Die Scheune war wundervoll! Einen schöneren Platz zum Schlafen hätte Malu sich gar nicht vorstellen können. Bjarne hatte nicht zu viel versprochen und anscheinend alle Decken, die er im Haus gefunden hatte, über die Stroh­­­­ballen geworfen. Dazu noch jede Menge Kissen. Die Nach­mittagssonne schien träge durch die Dachluke und brachte die staubige Luft zum glitzern.

Malu ließ sich rückwärts auf ihr Strohbett fallen. »Das ist echt toll! Danke, Bjarne.«

Unschlüssig stand Bjarne zwischen den Strohballen und vergrub die Hände in den Hosentaschen. »Tja, gerne. Bad und Klo müsst ihr drinnen benutzen, die Tür ist aber immer offen.«

»Sag mal, warst du in letzter Zeit mal auf dem Birken­hof?«, fragte Edgar unvermittelt.

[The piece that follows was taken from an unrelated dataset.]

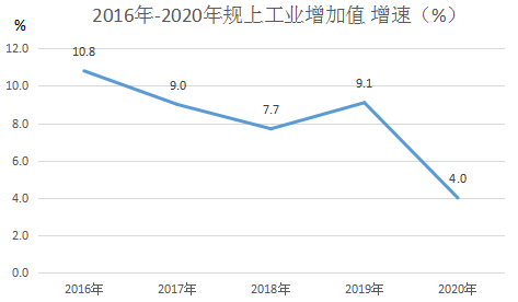 工業生產增速放緩。2020年規上工業增加值同比增長4.0%。營業收入431.3億元,同比增長8.8%,利潤總額44.8億元,同比增長11.4%。

Sein Freund sah ihn verwundert an. »Nein, nicht ein einziges Mal, seit deine Pferde da weg sind, wieso?«

Edgar hatte natürlich erzählt, dass sie in Marschdorf waren, um nach Alibaba zu suchen, aber die näheren Um­­stände und auch, dass sie Frau Jansen in Verdacht hatten, die Stute gestohlen zu haben, das hatte er für sich behalten. Jetzt winkte er Bjarne näher und erzählte ihm im Flüster­ton von den Angeboten am Telefon und ihrer Vermutung.

Bjarne ließ sich zwischen die Geschwister auf die Stroh­ballen fallen. Er kratzte sich ausgiebig am Kopf, als müsse er das Gehörte erst einmal verarbeiten. »Ich kann mir das gar nicht vorstellen«, sagte er schließlich. »Hauke arbeitet manchmal auf dem Birkenhof und nach dem, was er erzählt, sieht es da gar nicht gut aus. Die stehen kurz vor der Pleite.« Er warf Edgar einen skeptischen Blick zu. »Woher sollen die dann hunderttausend Euro nehmen, um ein Pferd zu kaufen? Und vor allem, warum?«

Das fragten Edgar und Malu sich allerdings auch, und dieser Frage mussten sie morgen unbedingt nachgehen! Vielleicht würden sie dann auch eine Spur von Alibaba finden.